Clinicians indicated favorable reviews of the consultation service and reported overall greater CC [50]. In a similar study, Webb and Sergison [55] examined the effectiveness of the CC PCC training course, Equal Rights Equal Access. Of the respondents, 75% (n = 36) believed that the course had been effective in teaching CC and in particular communication and use of interpreter services [55]. Other notable themes were related to increased self-reported clinician awareness of the specific needs of ethnic minorities, embracing diversity in their clientele and alertness to own stereotypical views and generalizations [55].

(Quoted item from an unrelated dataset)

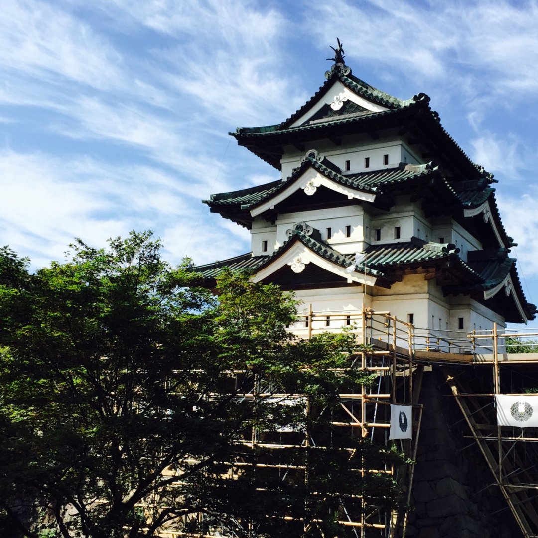 弘前城由第一代的津輕為信在1603年統一津輕地區的統一之後開始規劃,接著第二代繼承人津輕信枚在西元1610年開始建造,隔年完成。原本有五層的天守閣在建好後的十七年(1627)被雷擊中燒毀,照片中看到的是1810年時重建的三層建築,作為「弘前城史料館」對外開放參觀,展示十七世紀津輕籓政時代的歷史文物。1952年(昭和27年)被登錄為日本的國家指定歷史遺跡,也是日本東北地區僅存的江戶時代建造的古城。

This review examined the effectiveness of PCC models that incorporate a CC perspective, in improving health outcomes among CALD patients. There were 13 studies that met the inclusion criteria for this review. Overall, we found evidence supporting the effectiveness of CC PCC training in increasing knowledge levels, self-reported practice and patient satisfaction. However, whereas increases in cultural knowledge and awareness were evident, no studies reported any significant findings in terms of patient health outcomes. In fact, only two studies used this variable as an outcome measure [51, 54], and both of these studies were hampered by participant attrition or small sample sizes and short intervention periods. Importantly, the fact that most of the research on CC PCC programs measured effectiveness in terms of practitioner knowledge and not patient health represents a major shortcoming to the current research on this topic, as patient health outcome is one of, if not the most important indicator of effectiveness of any care model. Thus, the current results in this regard are limited, and more research is required to properly assess the impact of the reviewed interventions on patient health.

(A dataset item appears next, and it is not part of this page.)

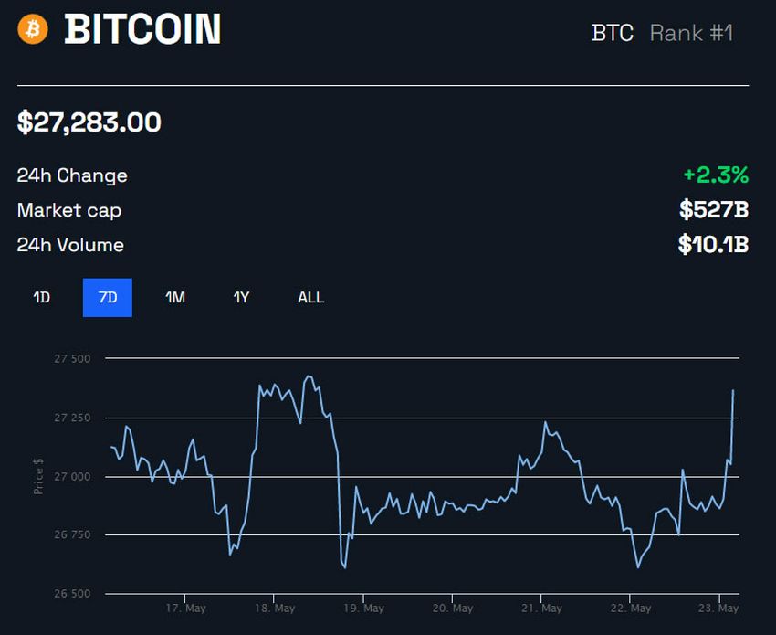 Namun, volatilitas tersebut belum terjadi lantaran BTC masih berkonsolidasi. Sang raja kripto ini telah naik 2,3% pada hari itu menjadi US$27.283 saat publikasi.

As mentioned above, a major limitation to the research reviewed pertains to the lack of patient health outcome measures in the majority of studies. Only two studies included such an evaluation variable, and both generated non-significant impacts—most likely due to low participant numbers and participant attrition. Future research should include evaluation of the practical effects of CC in PCC programs in terms of patient health outcomes. Another limitation comprises the fact that the review did not include studies published in languages other than English, thus limiting an international viewpoint. The current review was unable to include non-English language studies due to lack of funds to meet costs related to translation services. Finally, the difference in research design across studies—and the consequent difficulty in synthesizing and comparing the results of the research—also represents an important limitation.

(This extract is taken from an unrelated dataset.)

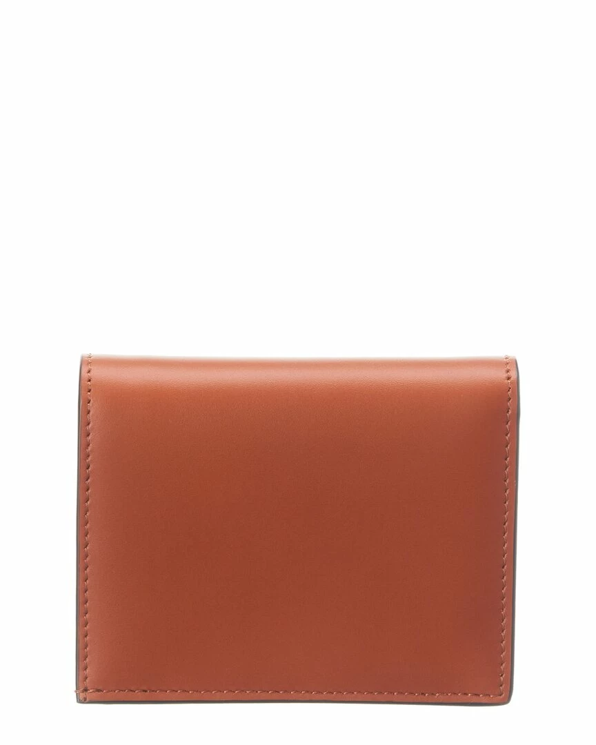 - Logo Leather Coin Purse in brown leather with gold-tone hardware and embossed logo accent

The objective of this systematic review centered on the effectiveness of PCC models that incorporate a CC perspective, in improving health outcomes among CALD patients. Of the initial 1450 studies identified in the first search round, 13 met the final inclusion criteria and were included in the review. The majority of the research demonstrated effectiveness of PCC models in terms of clinician/practitioner cultural knowledge, awareness and sensitivity. Only two articles examined effects of the intervention programs on patient health outcomes, with both studies reporting non-significant results on these variables. As such, although the programs may increase practitioner knowledge and awareness, there is no evidence that this translates to improved patient health. More research is, thus, required to properly examine the impact, if any, of CC PCC models on health outcomes.


This study was funded by the Australian Commission of Safety and Quality in Health Care.